# [What this task involves]
From the line holding "在加爾各答(Kolkata)的魚市場裡,小販正忙著兜售眼前的商品。" through the line holding "Thus when water" below, write out every line exactly; include both of those lines and drop the pictures.

────────────────────

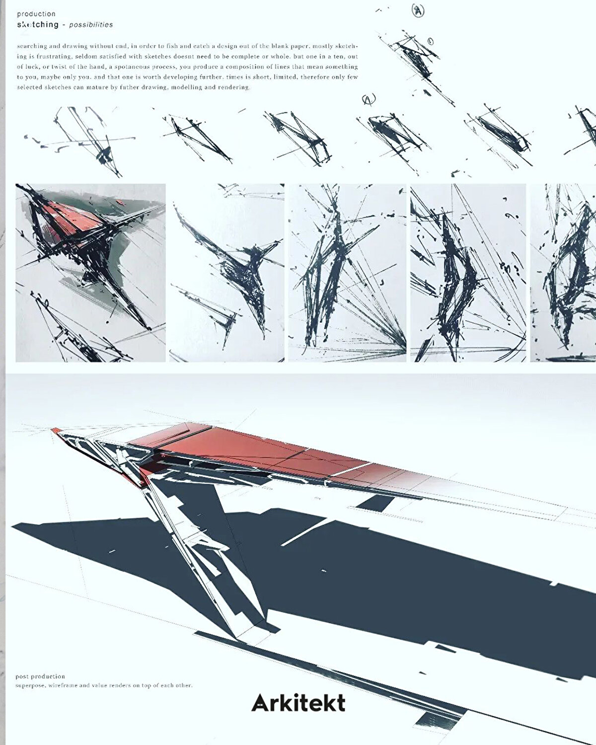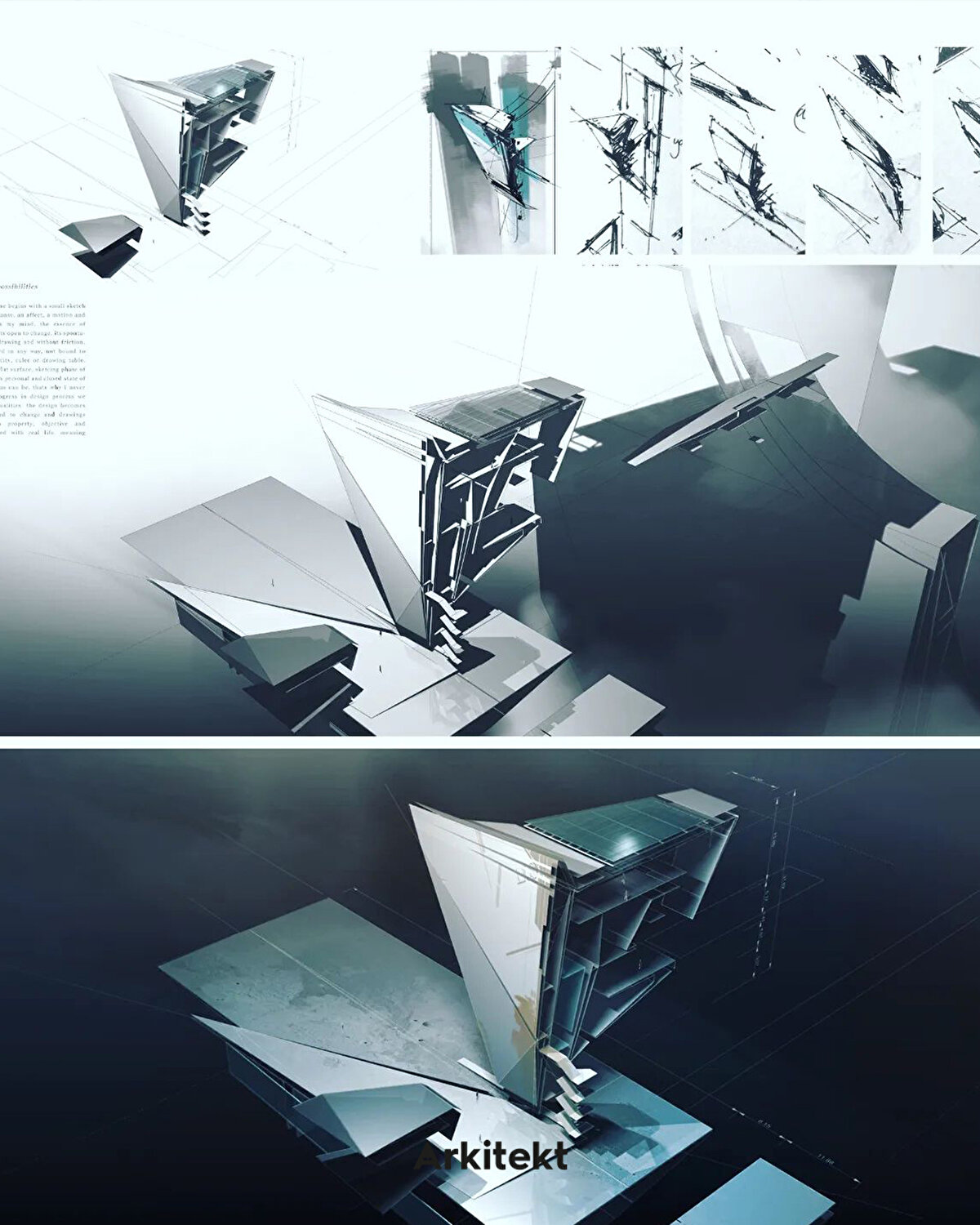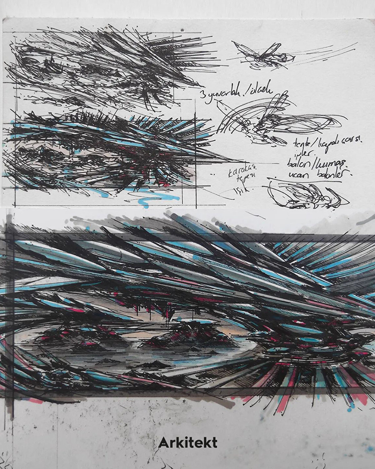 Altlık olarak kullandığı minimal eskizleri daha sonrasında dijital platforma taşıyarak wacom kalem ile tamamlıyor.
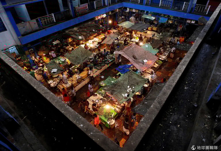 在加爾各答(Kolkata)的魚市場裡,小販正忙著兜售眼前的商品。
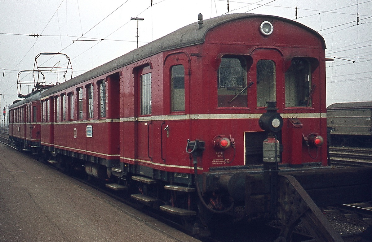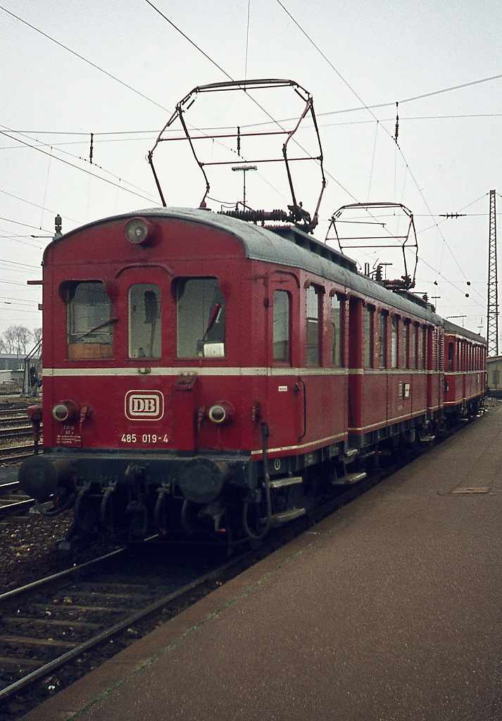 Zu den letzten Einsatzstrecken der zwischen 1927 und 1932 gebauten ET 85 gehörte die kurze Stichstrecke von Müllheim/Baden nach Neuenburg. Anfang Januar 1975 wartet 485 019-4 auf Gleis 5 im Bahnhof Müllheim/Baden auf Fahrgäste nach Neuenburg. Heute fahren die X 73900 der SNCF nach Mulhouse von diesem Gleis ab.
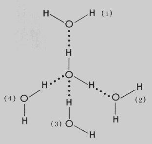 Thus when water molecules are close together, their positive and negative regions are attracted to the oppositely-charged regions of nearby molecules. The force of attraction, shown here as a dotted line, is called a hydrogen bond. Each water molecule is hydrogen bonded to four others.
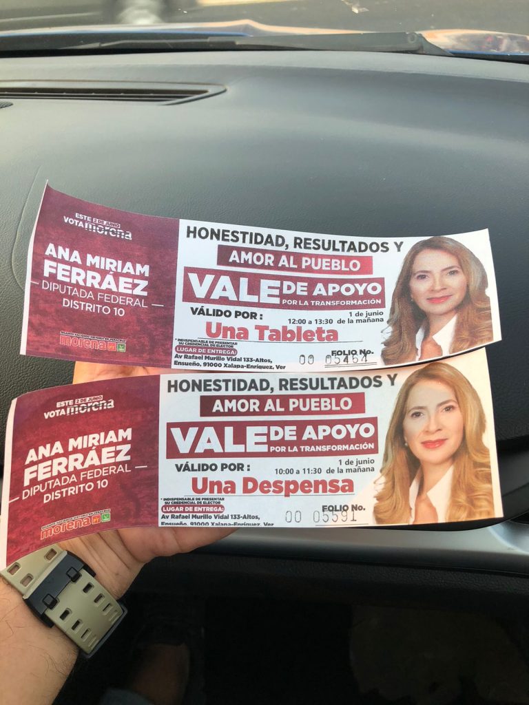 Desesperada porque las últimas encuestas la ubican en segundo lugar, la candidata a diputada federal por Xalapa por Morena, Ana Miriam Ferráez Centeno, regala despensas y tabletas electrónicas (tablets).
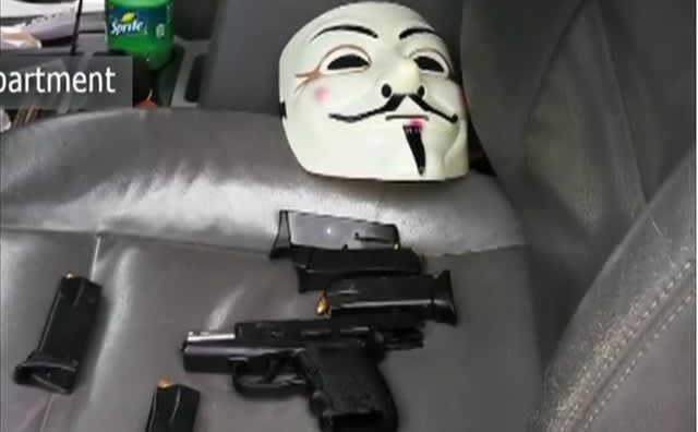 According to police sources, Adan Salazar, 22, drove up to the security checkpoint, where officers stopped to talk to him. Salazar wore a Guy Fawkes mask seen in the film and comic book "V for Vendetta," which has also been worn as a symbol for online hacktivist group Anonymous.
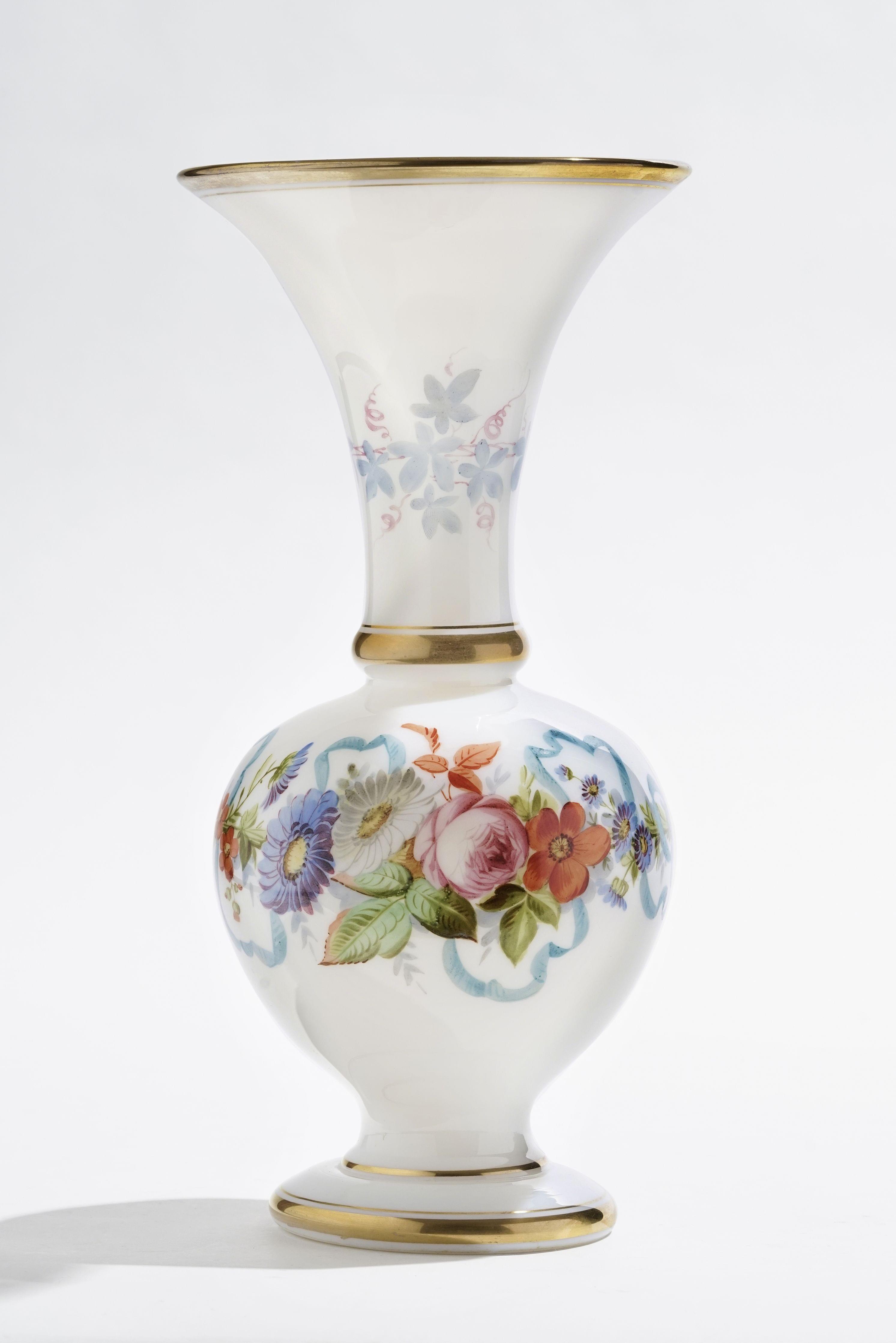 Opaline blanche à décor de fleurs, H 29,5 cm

────────────────────

# [Answer section]
 在加爾各答(Kolkata)的魚市場裡,小販正忙著兜售眼前的商品。
 Zu den letzten Einsatzstrecken der zwischen 1927 und 1932 gebauten ET 85 gehörte die kurze Stichstrecke von Müllheim/Baden nach Neuenburg. Anfang Januar 1975 wartet 485 019-4 auf Gleis 5 im Bahnhof Müllheim/Baden auf Fahrgäste nach Neuenburg. Heute fahren die X 73900 der SNCF nach Mulhouse von diesem Gleis ab.
 Thus when water molecules are close together, their positive and negative regions are attracted to the oppositely-charged regions of nearby molecules. The force of attraction, shown here as a dotted line, is called a hydrogen bond. Each water molecule is hydrogen bonded to four others.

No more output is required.